Troisièmement, les utilisateurs doivent également jouer le rôle de feedback et de superviseur, présenter leurs propres demandes, refléter leurs propres problèmes et superviser la mise en œuvre par l'entreprise d'une IA de confiance. Avec la vulgarisation de l'IA, tout le monde dans la société deviendra un utilisateur et un acteur de l'IA, et c'est lui qui aura le plus son mot à dire sur la crédibilité de l'IA. Ce n'est que lorsque leurs voix sont pleinement exprimées que l'établissement de normes d'IA de confiance et le développement de technologies connexes sont les plus précieux.
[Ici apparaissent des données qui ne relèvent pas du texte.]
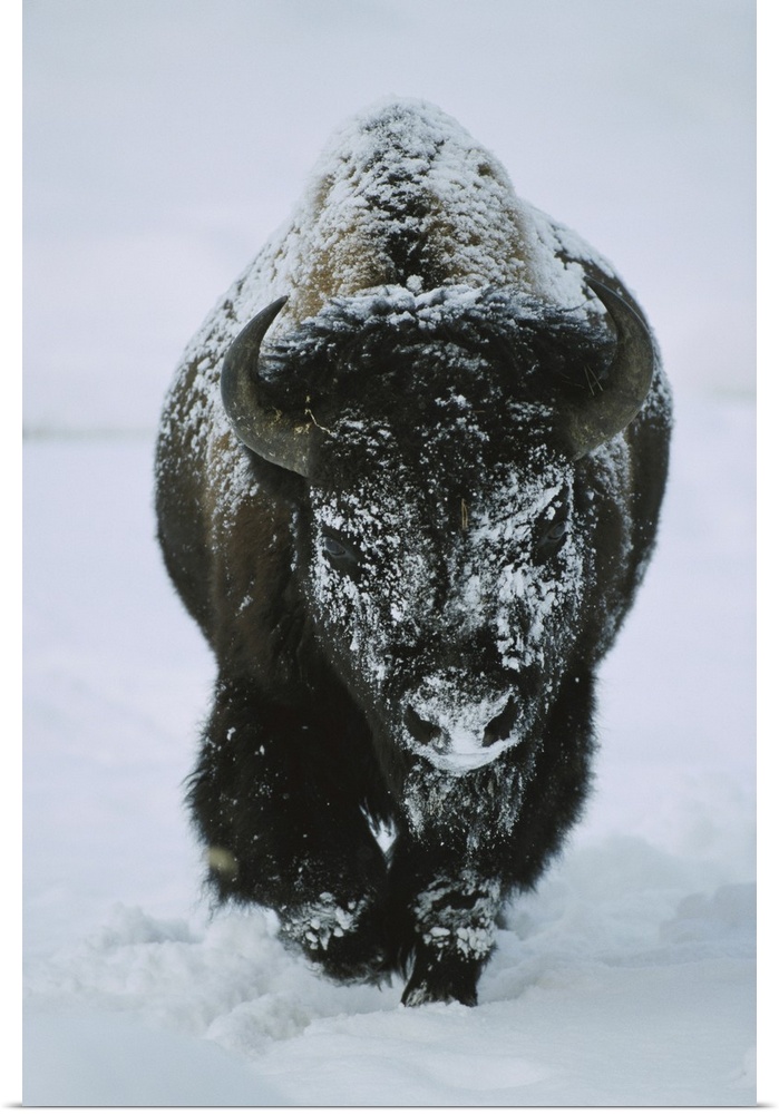 <p>A frost-covered American bison bull (Bison bison) walks through the snow in Yellowstone National Park, United States of America</p>

Enfin, nous devons compter pleinement sur la puissance de la technologie. Des règles pertinentes sont importantes, mais en dernière analyse, la réalisation d'une IA de confiance dépend toujours de la puissance de la technologie. En fait, de nombreux problèmes difficiles à résoudre en utilisant des règles peuvent être résolus par des moyens techniques. Par exemple, après la génération de l'IA générative, le problème de la "distorsion" a été un casse-tête pour les autorités de régulation, mais en fait, en s'appuyant sur les nouvelles technologies, ce problème peut ne pas être difficile à résoudre. Par exemple, Google a précédemment introduit une technologie de filigrane électronique invisible à l'œil nu mais reconnaissable par les machines, dont l'application aux images ou vidéos générées permet de s'assurer efficacement qu'elles sont vérifiables. En ce qui concerne la vérifiabilité du contenu textuel, vous pouvez suivre l'exemple de la recherche New Bing (New Bing). Lorsqu'il cite un certain contenu, il joindra les documents référencés après le contenu généré, afin que les utilisateurs puissent identifier par eux-mêmes l'authenticité du contenu généré en fonction de leurs besoins.
Dans l'ensemble, la réalisation d'une IA de confiance n'est pas une tâche facile, mais si nous faisons bon usage des efforts conjoints de toutes les parties, cet objectif sera certainement atteint.